Twitter Hackers post bogus report of attack on Obama on AP’s account

DPA Updated - April 24, 2013 at 12:47 PM.

A group of hackers broke into the Twitter account of the Associated Press and posted a false news report on Tuesday about President Barack Obama being injured in two explosions at the White House.

Within a few minutes the US news wire service said its Twitter feed had been hacked, and immediately suspended the account.

“Our accounts have been hacked,” AP spokeswoman Erin Madigan-White said at AP headquarters in New York. “It was a bogus tweet.”

White House spokesman Jay Carney, who opened a regular White House briefing about five minutes after the false tweet, immediately said, “The president is fine.”

The hoax report read, “Breaking: Two explosions in the White House and the President is injured.” The AP, which is the US news service of record, did not move the report on its news wire.

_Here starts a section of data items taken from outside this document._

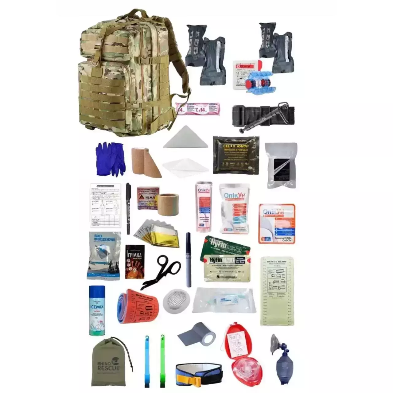 Укомплектований медичний тактичний рюкзак №3 (СІЧ+Celox Rapid) Мультикам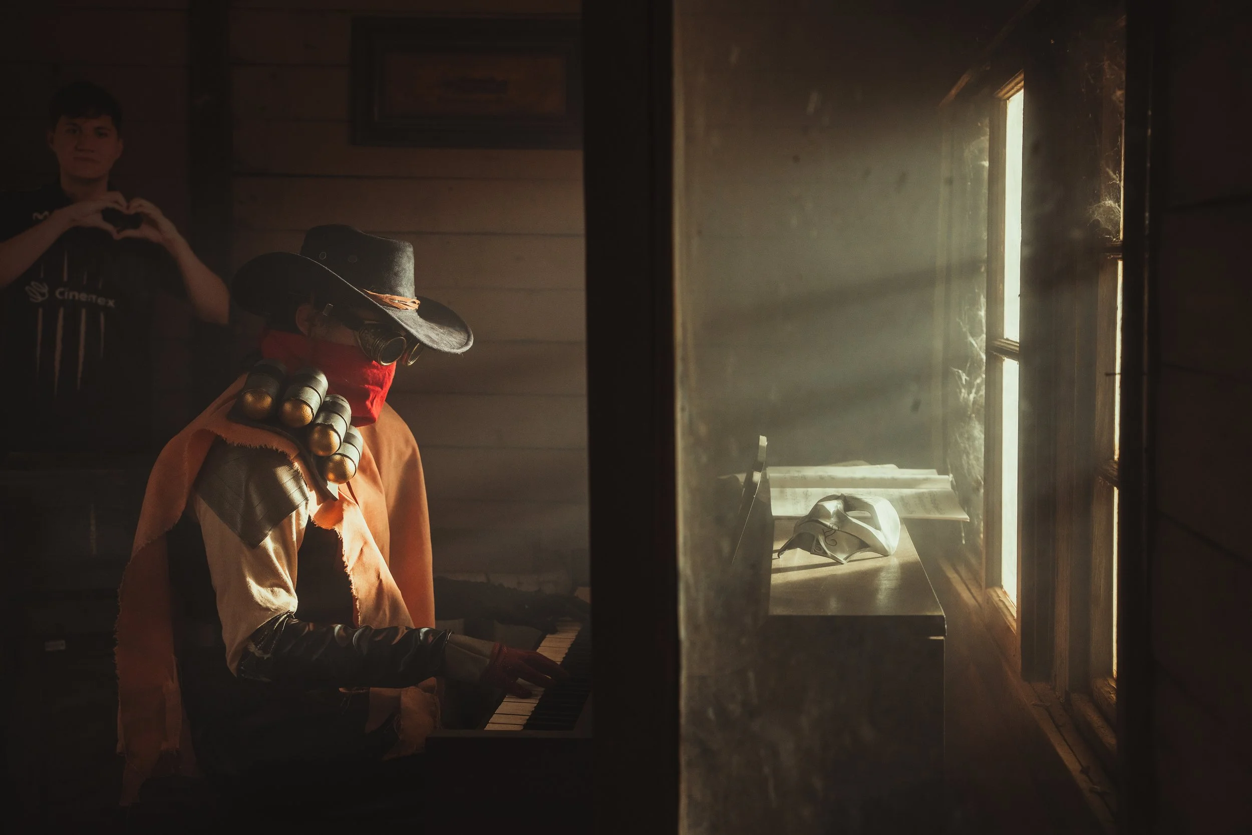 Although the location came with a few large furniture pieces, the space was otherwise completely undressed, giving us the freedom to build the world from the ground up. We sourced, customized, and placed props that offered subtle callbacks to the game’s lore and characters. Jhin’s signature mask, a wooden upright piano, a vintage typewriter, gold coins, a saloon sign, missing-person posters, and more. Every touchpoint - from the bottles to the wall art - was crafted to feel straight out of a western, then sprinkled with enough character-driven chaos to give it flair & fun!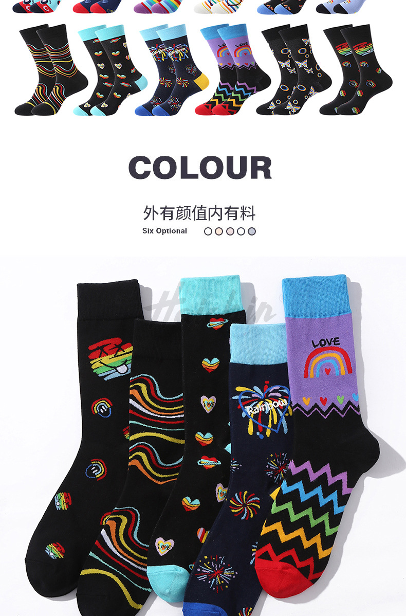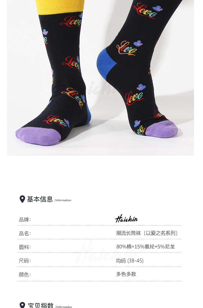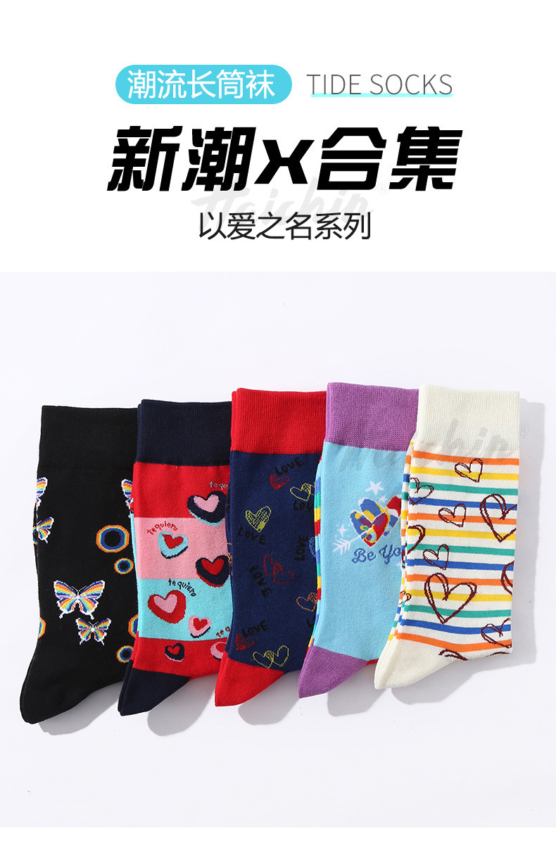 튜브 패션 양말에 사랑의 이름으로 Haichin 발렌타인 데이 여성 유럽과 미국의 패션 스트리트 스타킹 아마존 면화 양말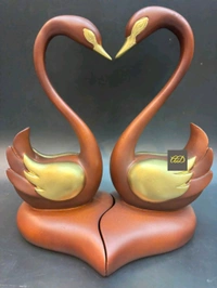 Add a touch of sophistication and timeless beauty to your home with our Two Swans Figurines. These exquisitely crafted pieces feature slender, gracefully arched necks and sparkling details in a stunning combination of wooden tones and golden accents. Perfect for creating a serene and elegant ambiance, these figurines are designed to complement any decor style.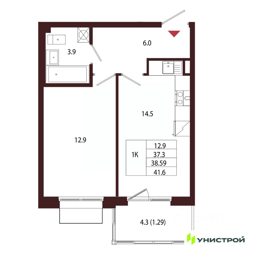 Общая площадь38,59 м2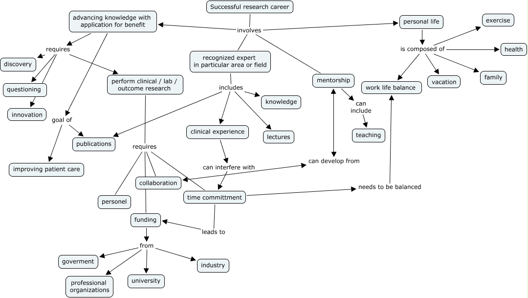 This Concept Map, created with IHMC CmapTools, has information related to: JeffreyClarkemap1, perform clinical / lab / outcome research requires funding, advancing knowledge with application for benefit requires perform clinical / lab / outcome research, perform clinical / lab / outcome research requires time committment, personal life is composed of health, recognized expert in particular area or field includes lectures, collaboration can develop from mentorship, clinical experience can interfere with time committment, personal life is composed of work life balance, time committment leads to funding, recognized expert in particular area or field includes clinical experience, Successful research career involves mentorship, perform clinical / lab / outcome research requires personel, funding from professional organizations, Successful research career involves recognized expert in particular area or field, mentorship can include teaching, funding from industry, personal life is composed of exercise, recognized expert in particular area or field includes publications, Successful research career involves advancing knowledge with application for benefit, funding from university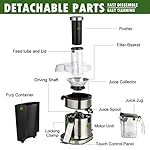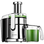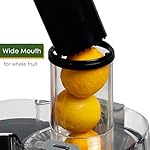 ?3 INCH WIDE FEED CHUTE DESIGN – easy cleaning – fit whole fruits & vegetables, without slicing and chopping, completely liberate your Hands, reducing prep time to get the delicious juice. Except for the motor base, all parts of the electric juice Extractor with big mouth are dishwasher safe. Simplify your life.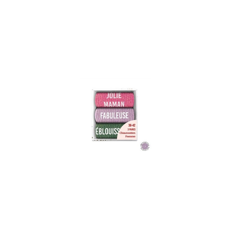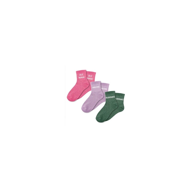 Confort garanti en portant ces 3 paires de chaussettes paillettes : l'une est rose avec la mention "Jolie Maman", une est mauve avec "Fabuleuse" et la dernière est verte avec "Éblouissante".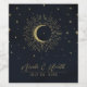 Dark Night Gold Celestial Sunburst Moon Wedding Wine Label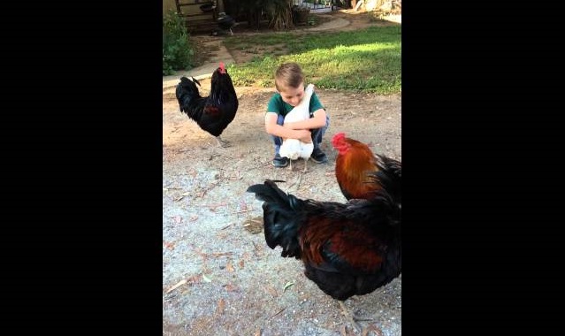 Communication with animals is done with body language. The young Mason who had seen in older videos, This time he comes home with a new haircut and tries to greet his beloved hen. But initially, the chicken seems to not be sure about who is. But after a quick exploration made sure that was a good friend of, and returns to the embrace of.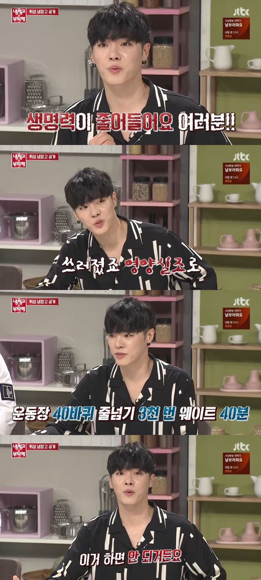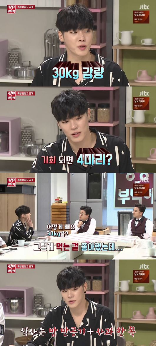 휘성의 다이어트 일화는 놀라웠다. 그는 "두 달 만에 30kg를 감량한 적 있다. 줄넘기 3000번, 웨이트 트레이닝 40분, 운동장 40바퀴를 도는 운동을 했다"며 "요요가 왔고 똑같은 방법으로 또 하니까 영양실조로 쓰러진 적도 있다"고 말해 안타까움을 자아냈다.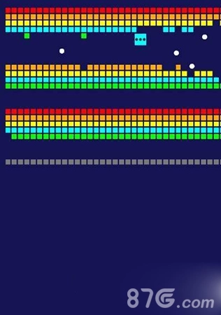 不管是哪一关,关键都是把球打到两排方块之间,让它自行弹动。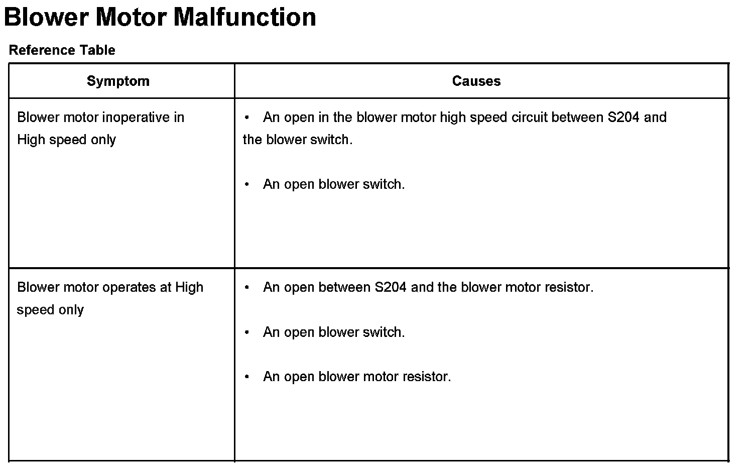 Blower Motor Malfunction

The AP’s twitter account, which is closely followed by media organizations, has 1.9 million followers.

“Hackers compromise main @AP Twitter account, sending out erroneous tweet about #WhiteHouse attack. There has been no attack at #WhiteHouse,” AP tweeted from another account, AP Courtside Seat.

A shadowy group calling itself the Syrian Electronic Army claimed responsibility for the hoax.

“@AP get owned by Syrian Electronic Army!” said the group on its Twitter feed @official_sea6, above a photo showing the false tweet overlaid with Syrian imagery.

The group has recently targeted prominent twitter accounts including broadcaster BBC, CBS and National Public Radio in the United States. The group claimed responsibility last week for hacking the Twitter accounts of world football body FIFA and its president, Sepp Blatter.

The latest attack could have been achieved through a phishing email that compromised the passwords of AP staffers, AP reporter Mike Baker revealed on his Twitter account.

“The @AP hack came less than an hour after some of us received an impressively disguised phishing email,” Baker wrote.

The tweet sparked frenzy in US media in the few minutes before it was exposed as a hoax. The news immediately sent the Dow Jones Industrial Average down by about 1 per cent, before the index recovered its earlier level after AP refuted the bombing report.